_Data block_:

::::::::

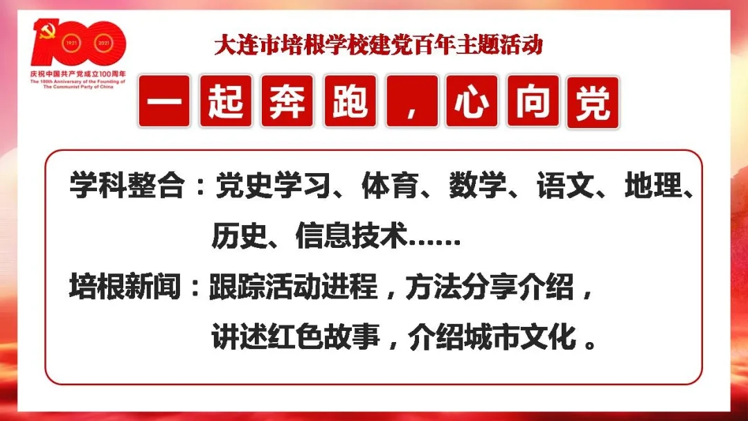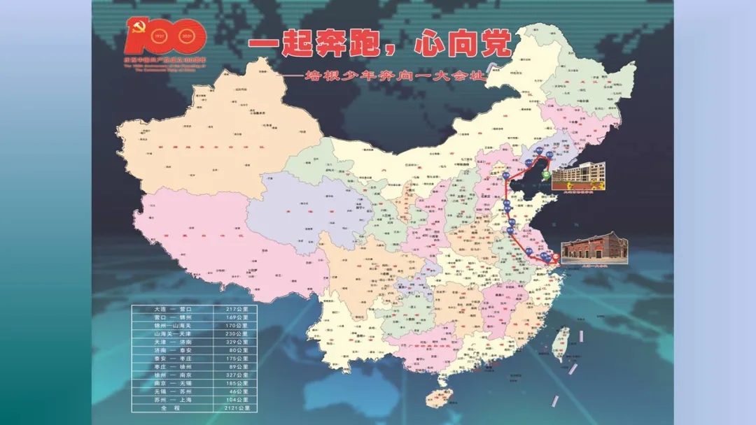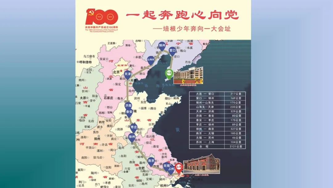 各个班级沿着地图上的既定路线,从大连市培根学校出发,寻着革命的足迹,一路奔跑,在7月1日党的生日之前到达上海一大会址,全程2121公里。其中,途径营口、锦州、山海关、天津、济南、泰安、枣庄、徐州、南京、无锡、苏州等城市。途中,同学们可以追寻红色足迹,查阅城市相关历史资料,了解革命历史,传承革命精神。让我们通过短片,了解具体活动内容。
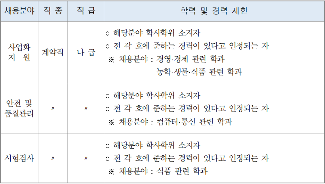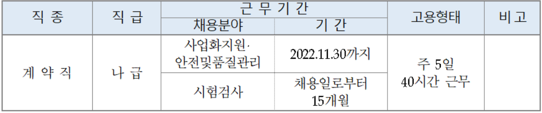 모두 계약직(나급)으로 고용되며, 사업화지원 과 안전 및 품질관리 분야의 계약기간은 2022. 11. 30.까지이고, 시험검사 분야는 채용일로부터 15개월이다.(주 5일, 40시간 근무)
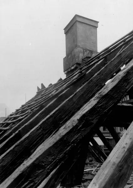 Tollbugata 14, Oslo. Hus under riving. Taket. Nå på Norsk Folkemuseum. Håndtverkergården/Bokbindergården.
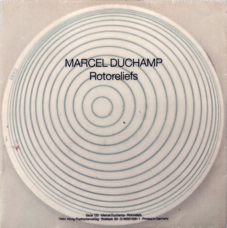 Ensemble de six disques double face avec graphismes en couleur destinés à être regardés sur un plateau tournant entre 40 et 60 tr/min. Avec l'aide de Man Ray, Duchamp a filmé les premières versions des disques tournants dans le court métrage « Anemic Cinema ». Plus tard en 1935, Marcel Duchamp produisit une série limitée de 500 jeux de ces disques destinés à être vendus au Salon des inventeurs du Concours Lépine, mais avec peu de succès. (105576)Schwarz 441 pour la première édition+ Donati 1953 ; Broken Music p.126 Neuf

::::::::

_Task to complete_: Write out exactly the opening lines of the data, stopping after the line that holds "모두 계약직(나급)으로 고용되며, 사업화지원". Exclude pictures.

_Task output_:
 各个班级沿着地图上的既定路线,从大连市培根学校出发,寻着革命的足迹,一路奔跑,在7月1日党的生日之前到达上海一大会址,全程2121公里。其中,途径营口、锦州、山海关、天津、济南、泰安、枣庄、徐州、南京、无锡、苏州等城市。途中,同学们可以追寻红色足迹,查阅城市相关历史资料,了解革命历史,传承革命精神。让我们通过短片,了解具体活动内容。
 모두 계약직(나급)으로 고용되며, 사업화지원 과 안전 및 품질관리 분야의 계약기간은 2022. 11. 30.까지이고, 시험검사 분야는 채용일로부터 15개월이다.(주 5일, 40시간 근무)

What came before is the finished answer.